Digital payment intermediaries and innovators are taking a strong share of the market; PayPal reported 429 million active users in 2022 [5], Loup Ventures estimated in November of 2020 that Apple Pay was active on 507 million iPhones worldwide, Amazon Prime reports 148.6 million users accounting for 69 percent of all purchases on Amazon; that would make the number of Amazon Pay users worldwide roughly 200 million and Google Pay counts 150 million users (as of November 2020) [6]. It is estimated that changes in consumer payments preferences to digital wallets will put up to $31.4 billion of revenue at risk for US banks between 2023 and 2026 [7].
There is concern that localism will mean the market will fragment along both geopolitical (e.g. EU, China) or platform lines (e.g. Alibaba).
Digital Payment platforms leverage cloud, AI & analytics and security.
Digital Currency
Replacing physical cash
A cryptocurrency is a digital “asset” that uses peer-to-peer networking, so it is decentralised and broadly accessible. The asset is a digital “token” with no backing or intrinsic value. The concept of cryptocurrency started around thirty years ago but since 2011, cryptocurrencies have gained momentum from investors and captured media attention, particularly after bitcoin prices rose dramatically in 2013.
In the long run, a digital currency could eventually replace cash, especially central bank digital currencies (CBDCs). This could take two forms: (a) a widely accessible electronic currency available to the public for retail transactions; or (b) an electronic currency restricted only to large business transactions.
Central banks representing over 100 nations are exploring CBDCs and all G7 economies have now moved into the development stage of a CBDC [1]. The Bahamas became the first country to launch a general purpose CBDC, known as the Sand Dollar, in October 2020 [2]. The People’s Bank of China expanded a trial of a digital renminbi to its three largest urban regions, which together contain 400 million people, in August 2020 [3]. The ECB is also in the process of creating a digital Euro [4], as cash payments in the euro area have dropped from 72% to 59% [5].

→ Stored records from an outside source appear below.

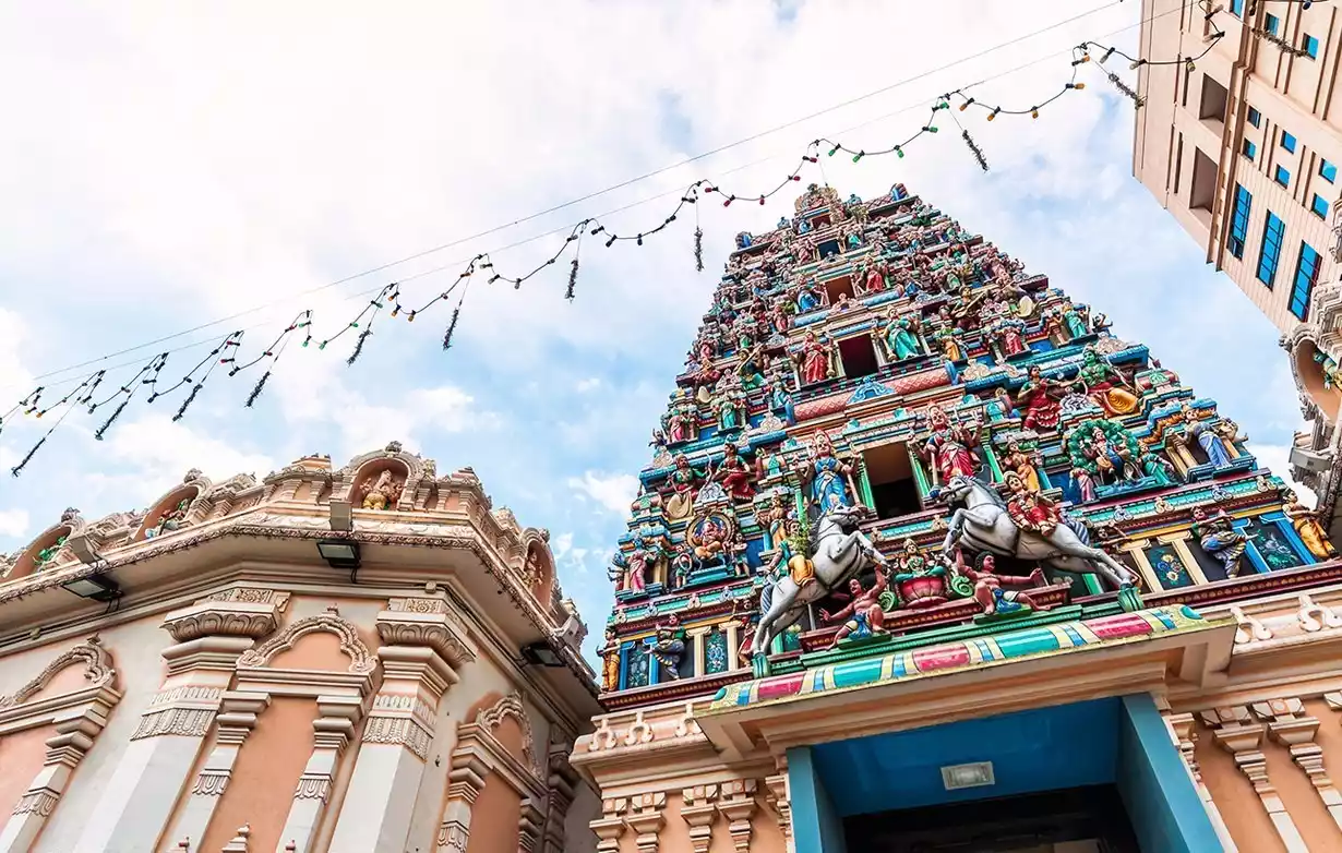 Locals offer flowers, incense, coconuts, and lime strings to Mariamman, an incarnation of the South Indian goddess Durga. During Thaipusam, an image of the deity from the temple is placed on a silver chariot and paraded from here to the Batu Caves.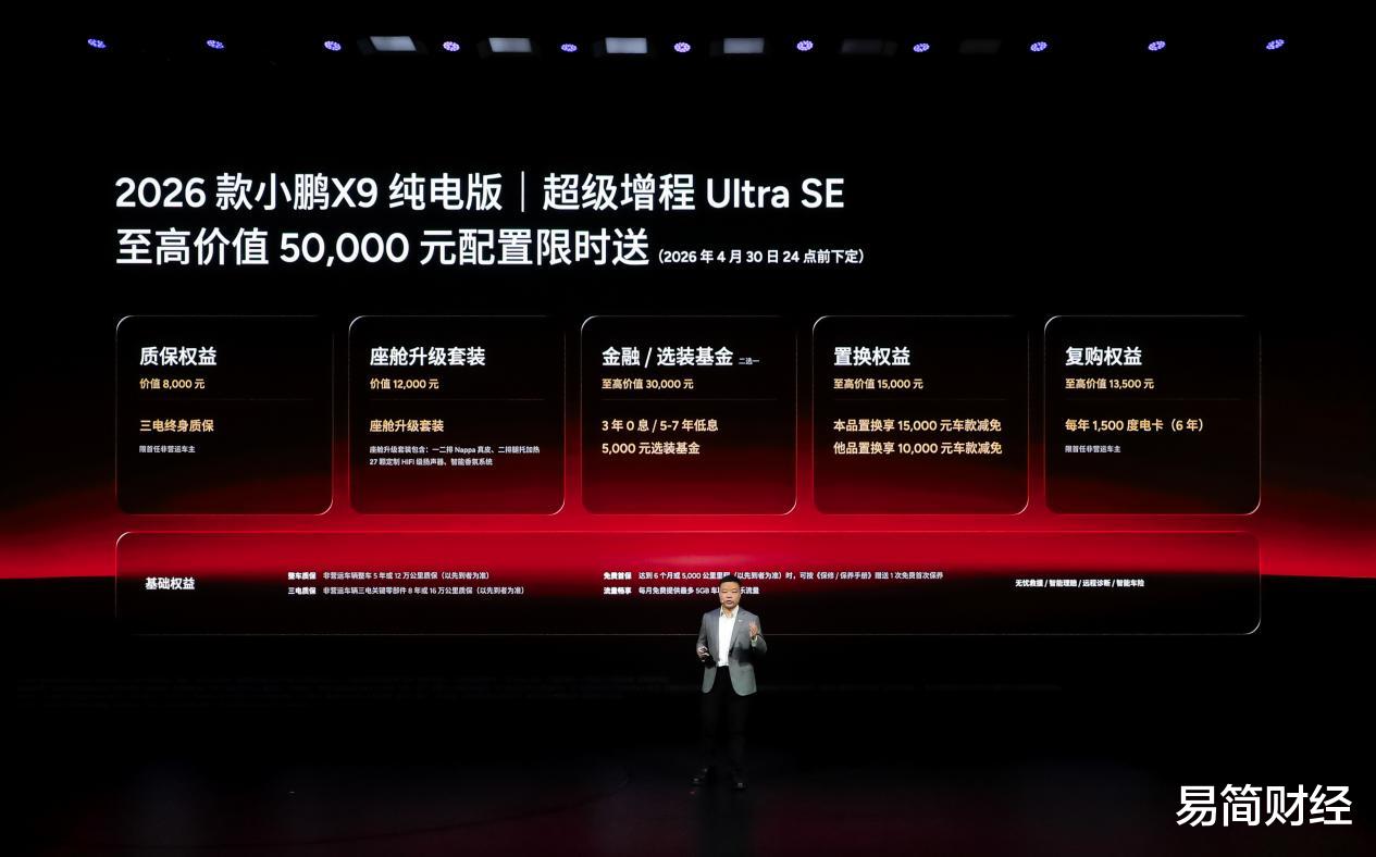 即日起至2026年4月30日24点(含)前下定2026款小鹏X9纯电版,可享最高价值50,000元 权益限时送,包含三电终身质保、价值12,000元的座舱升级套装、至高价值30,000元金融/选装基金、至高价值15,000元置换权益以及每年1500度电卡(6年)的复购权益。2026款小鹏X9超级增程权益与2026款纯电版权益一致(2026年3月31日24:00前下定),此外24和25款的小鹏X9车主置换26款小鹏X9可以获得额外1万元的代金券补贴。(2025年11月20日已发放)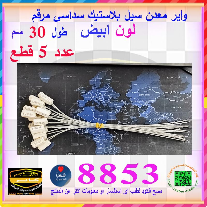 Generic - اربطة امان واير معدن شديدة التحمل مرقمة ، سيل متسلسل ، للشاحنات والمقطورات والحقائب والصناديق وغيرها (سيل واير معدن سداسى ابيض ، طول 30 سم ، عدد 5 قطع ، كود : 8853)- من كابرمصر 2020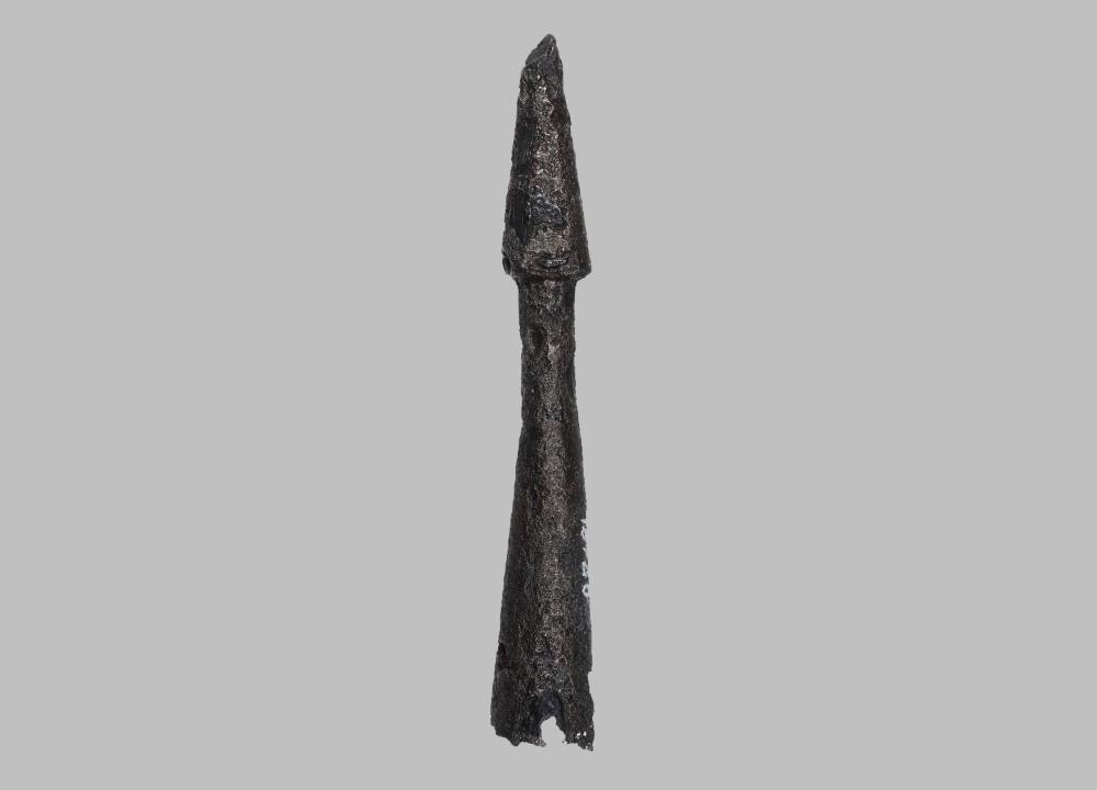 Kegelförmige Bolzenspitze mit abgesetzter, abgeflachter Spitze und mit fragmentierter, geschlossener, konischer, im Querschnitt kreisförmiger Tülle.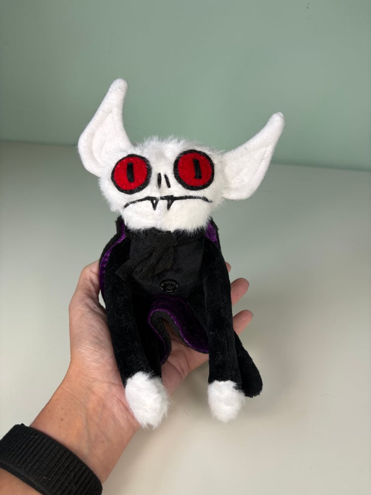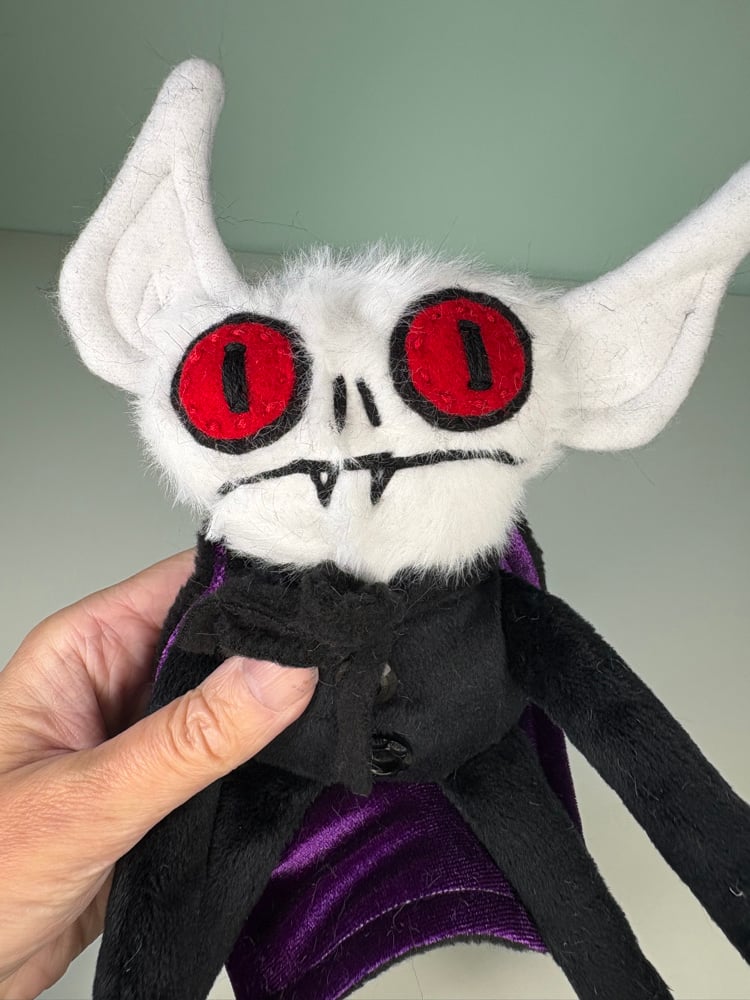These creepy guys have all hand embroidered details and they are weighted with plastic poly beads in his limbs and base and they are stuffed with brand new fiber fill. They have vintage button details that are not suited for small children.

Leverages cloud, AI & analytics and security.
Open Finance Ecosystems
Frictionless & convenient
Open Banking (OB) is the opening up of a bank’s data using an open API and security framework to allow regulated third party providers (TPP) to access customer account information and initiate financial transactions on behalf of a customer.
The EU & UK EU regulators mandated that banks open APIs to third parties. The UK today counts 6.5 million active users of open banking, generating an average of 239,800 successful open banking payments each day [1]. Other countries are adopting similar practices. Open banking is a reality and moving towards maturity in some markets. The New Payments Architecture (NPA) being implemented in the UK by 2024 is a step towards open banking 3.0 [2].
This opening up of financial services is creating a shift towards Open Finance Ecosystems, where financial features will be seamlessly (but transparently) integrated into the overall customer experience across both financial and non-financial ecosystems, otherwise known as Embedded Finance. Embedded Finance offers a new, large addressable market opportunity worth over $7 trillion in ten years’ time, twice the combined value of the world’s top 30 banks and insurers today [3] .
BigTech companies are using embedded finance, via payments, as an “on-ramp” to financial services. According to the seventh annual global banking survey conducted by The Economist Intelligence Unit in March, 45% of respondents said their strategic response to the COVID crisis was to build a “true digital ecosystem [4].”
One-to-many API connectivity with market players, is key. Drives cloud, data analytics and security.